WORK INSTRUCTION → Below are records that should be duplicated exactly, with no image retained.

── RECORDS TO USE

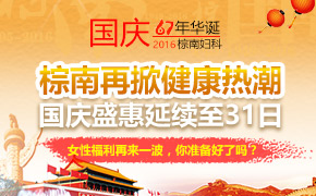 国庆华诞,和谐盛世。成都棕南医院隆重推出“棕南健康盛惠”活动,与蓉城百姓共庆祖国67年华诞,国庆盛惠延续至31日,凡10月31日前到 院诊疗的患者皆可享受国庆三重健康好礼,包括一系列健康体检和治疗减免优惠, 还有一大波“红包”火热来袭,你准备好了吗?
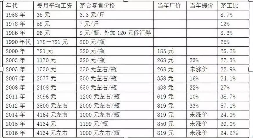根据北京圣雄品牌策划独家发现的飞天茅台价格的公式——茅工比测算发现,飞天茅台的涨价破百元价位在1987年128元,破三百价位在2003年320元、破五百2007年、破千元2011年、破两千2012年。飞天茅台的价格异常期间主要是在2011及2012年两年期间,这也是中国白酒行业最疯狂的两年,也就是四万亿刺激下的造成的异常,其它时间的茅台价格控制一直比较稳定,飞天茅台及平均工资比稳定在24-29%之间。
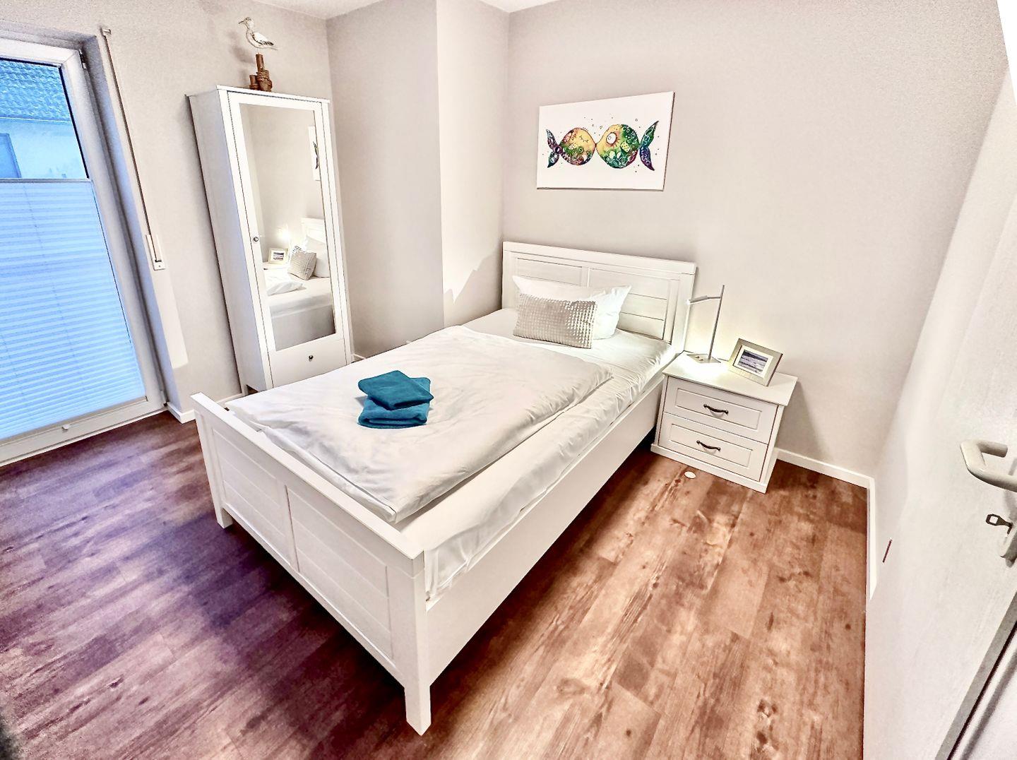 Schlafzimmer 2: Einzelbett (1,20 x 2,00 m) Ein kleiner Kleiderschrank.
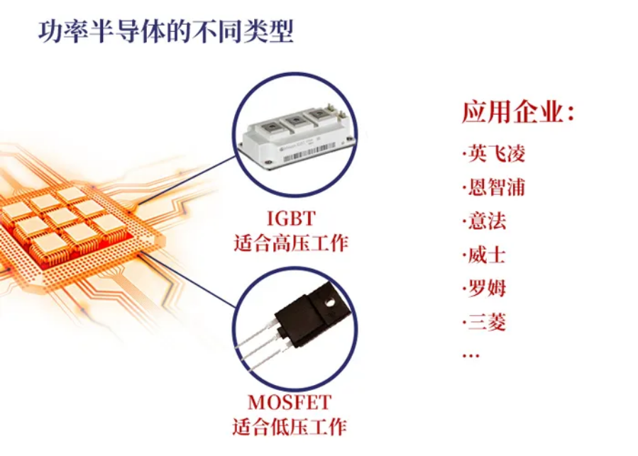 无论是纯电动还是插电式混合动力汽车,电机控制系统都扮演着动力心脏的作用,电控系统的核心部件就是功率半导体,目前市场上销售的新能源汽车所搭载的功率半导体多数为硅基器件,如 IGBT 和 MOSFET。
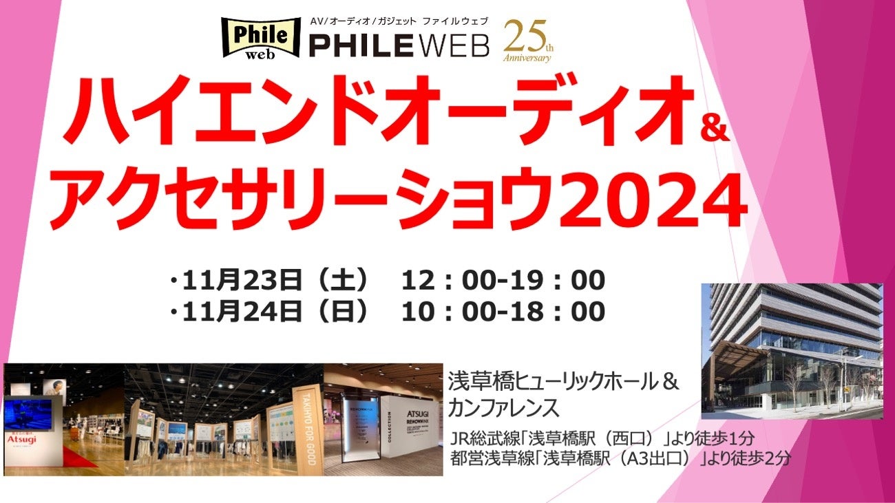 今年開設25周年を迎えたAV、オーディオ、デジタルガジェットの情報サイト「ファイルウェブ」と、約50年の歴史をもつピュアオーディオ専門誌「季刊 オーディオアクセサリー」、音元出版の2大専門メディアがタッグを組んでお届けする「ハイエンドオーディオ&アクセサリーショウ2024」。オーディオ好きの方々、オーディオにまだ触れたことのない方々の、たくさんのご来場をお待ちしています。
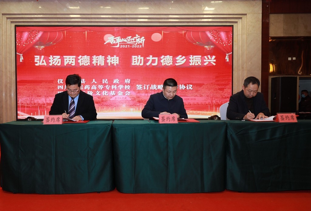 2021年12月31日,四川中医药高等专科学校、四川南充市仪陇县人民政府、四川省玉阶文化基金会在仪陇县签订了战略合作协议,积极拓展科教、产业、社会等领域全方位深度合作,致力建设立足仪陇、面向全省的产教融合教学实践基地和中医药产业开发体系,促进医药卫生事业发展,助推中医药文化传承和红色文化传播,进一步助推“健康四川”“乡村振兴”等战略的实施,打造校地企合作新典范。
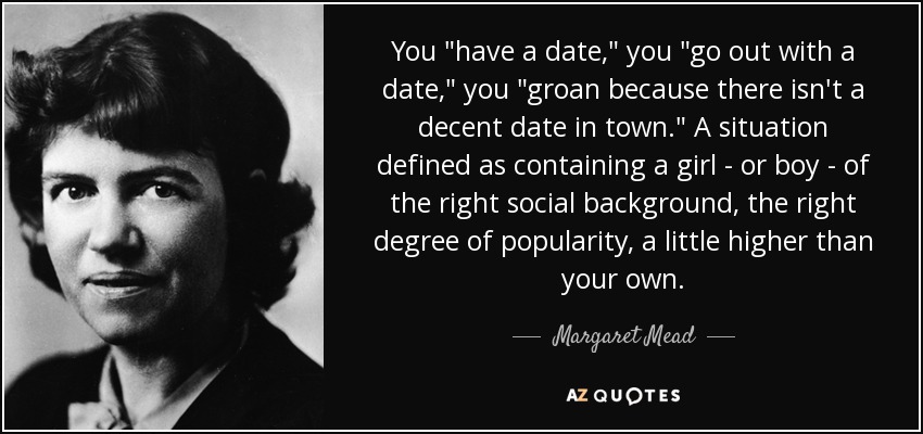 You "have a date," you "go out with a date," you "groan because there isn't a decent date in town." A situation defined as containing a girl - or boy - of the right social background, the right degree of popularity, a little higher than your own.
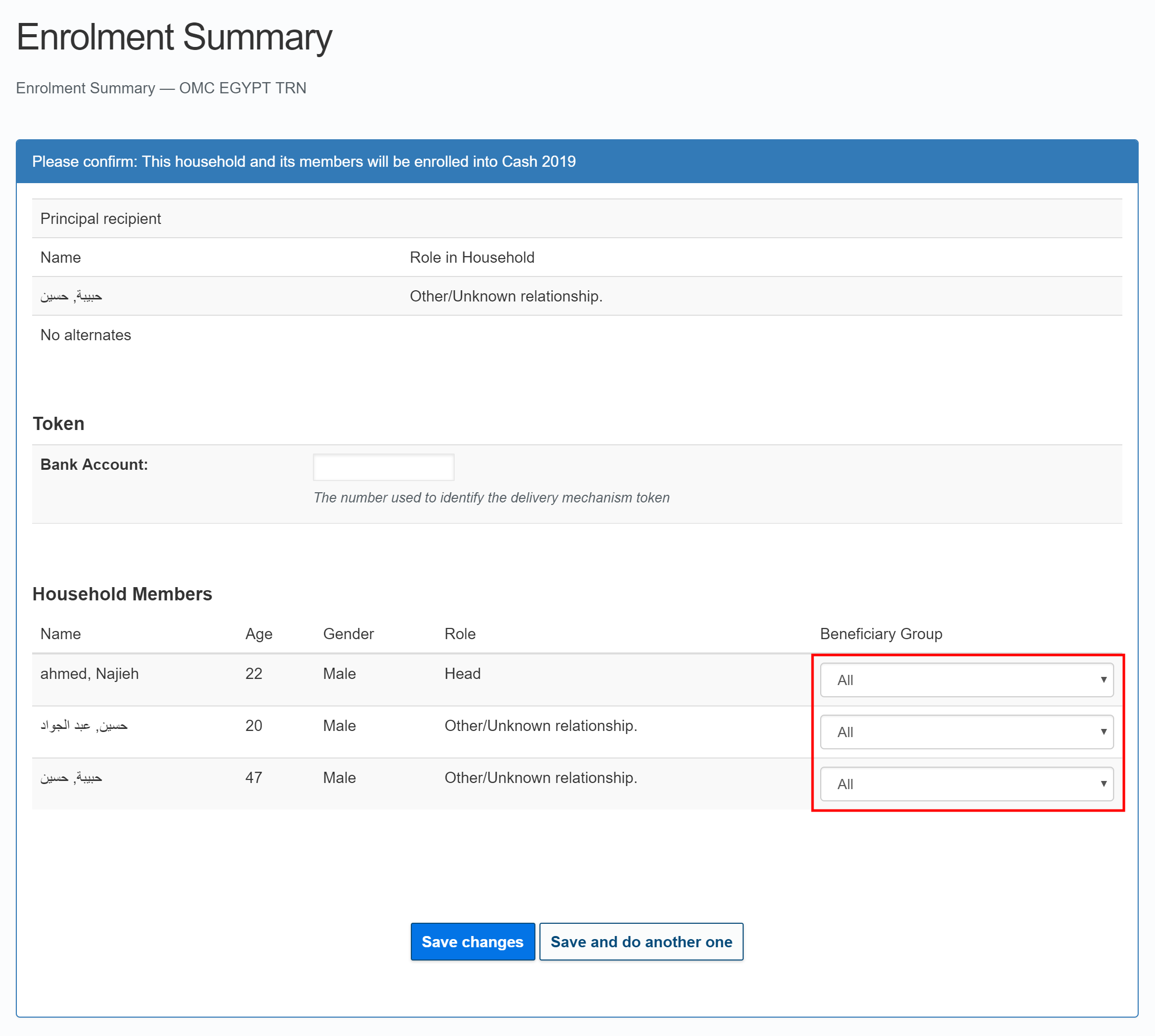 Household Members. Choose which members of the household are beneficiaries of the intervention by selecting which beneficiary group they belong to. If they are not beneficiaries of this intervention, select 'not a beneficiary'.
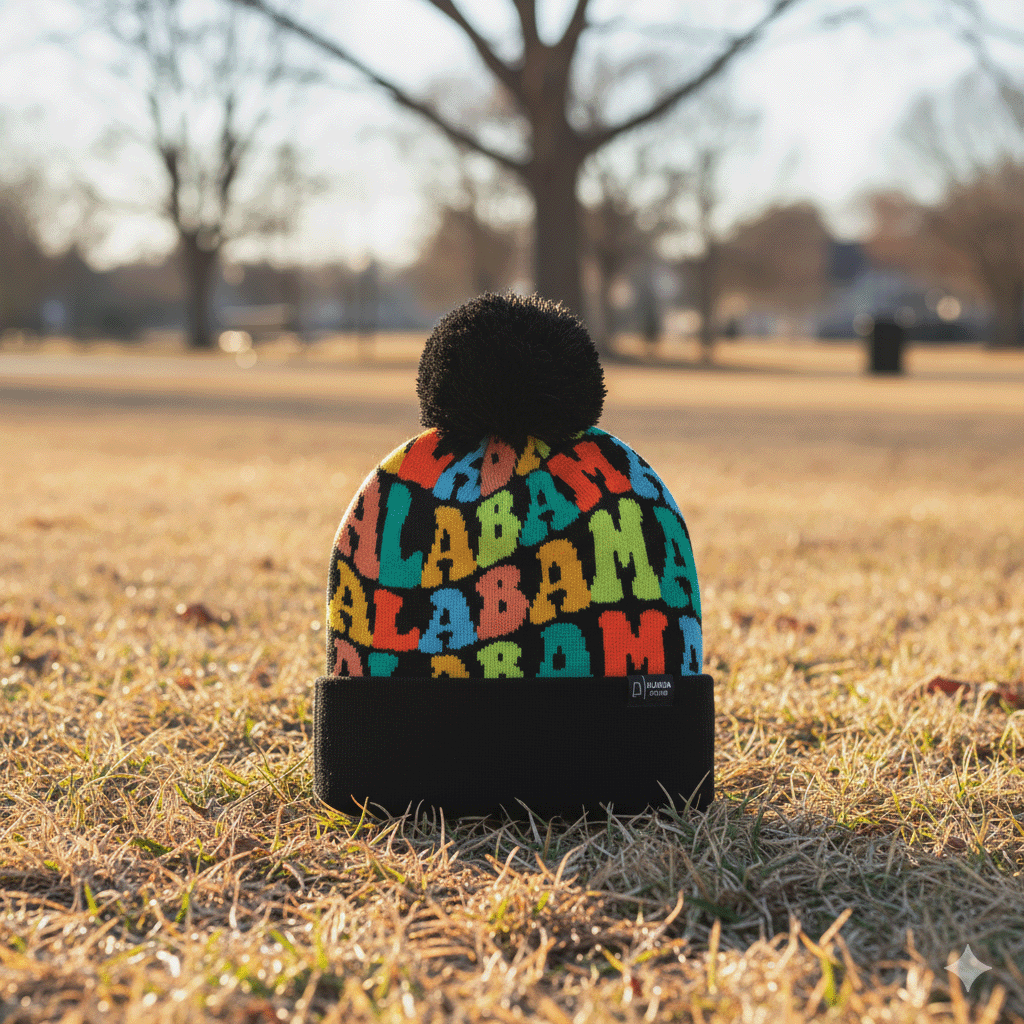 Bring bold personality and southern spirit to your winter look with this ALABAMA Colorful Knit Beanie with Pom Pom. The design celebrates the lively energy of Alabama through oversized retro-style typography in bright, contrasting colors. Each letter pops against the deep navy background, creating a fun, nostalgic pattern that captures both warmth and character. The playful pom pom on top adds a cozy finish, making this beanie as stylish as it is cheerful.

────

THE ANSWER →
 国庆华诞,和谐盛世。成都棕南医院隆重推出“棕南健康盛惠”活动,与蓉城百姓共庆祖国67年华诞,国庆盛惠延续至31日,凡10月31日前到 院诊疗的患者皆可享受国庆三重健康好礼,包括一系列健康体检和治疗减免优惠, 还有一大波“红包”火热来袭,你准备好了吗?
根据北京圣雄品牌策划独家发现的飞天茅台价格的公式——茅工比测算发现,飞天茅台的涨价破百元价位在1987年128元,破三百价位在2003年320元、破五百2007年、破千元2011年、破两千2012年。飞天茅台的价格异常期间主要是在2011及2012年两年期间,这也是中国白酒行业最疯狂的两年,也就是四万亿刺激下的造成的异常,其它时间的茅台价格控制一直比较稳定,飞天茅台及平均工资比稳定在24-29%之间。
 Schlafzimmer 2: Einzelbett (1,20 x 2,00 m) Ein kleiner Kleiderschrank.
 无论是纯电动还是插电式混合动力汽车,电机控制系统都扮演着动力心脏的作用,电控系统的核心部件就是功率半导体,目前市场上销售的新能源汽车所搭载的功率半导体多数为硅基器件,如 IGBT 和 MOSFET。
 今年開設25周年を迎えたAV、オーディオ、デジタルガジェットの情報サイト「ファイルウェブ」と、約50年の歴史をもつピュアオーディオ専門誌「季刊 オーディオアクセサリー」、音元出版の2大専門メディアがタッグを組んでお届けする「ハイエンドオーディオ&アクセサリーショウ2024」。オーディオ好きの方々、オーディオにまだ触れたことのない方々の、たくさんのご来場をお待ちしています。
 2021年12月31日,四川中医药高等专科学校、四川南充市仪陇县人民政府、四川省玉阶文化基金会在仪陇县签订了战略合作协议,积极拓展科教、产业、社会等领域全方位深度合作,致力建设立足仪陇、面向全省的产教融合教学实践基地和中医药产业开发体系,促进医药卫生事业发展,助推中医药文化传承和红色文化传播,进一步助推“健康四川”“乡村振兴”等战略的实施,打造校地企合作新典范。
 You "have a date," you "go out with a date," you "groan because there isn't a decent date in town." A situation defined as containing a girl - or boy - of the right social background, the right degree of popularity, a little higher than your own.
 Household Members. Choose which members of the household are beneficiaries of the intervention by selecting which beneficiary group they belong to. If they are not beneficiaries of this intervention, select 'not a beneficiary'.
 Bring bold personality and southern spirit to your winter look with this ALABAMA Colorful Knit Beanie with Pom Pom. The design celebrates the lively energy of Alabama through oversized retro-style typography in bright, contrasting colors. Each letter pops against the deep navy background, creating a fun, nostalgic pattern that captures both warmth and character. The playful pom pom on top adds a cozy finish, making this beanie as stylish as it is cheerful.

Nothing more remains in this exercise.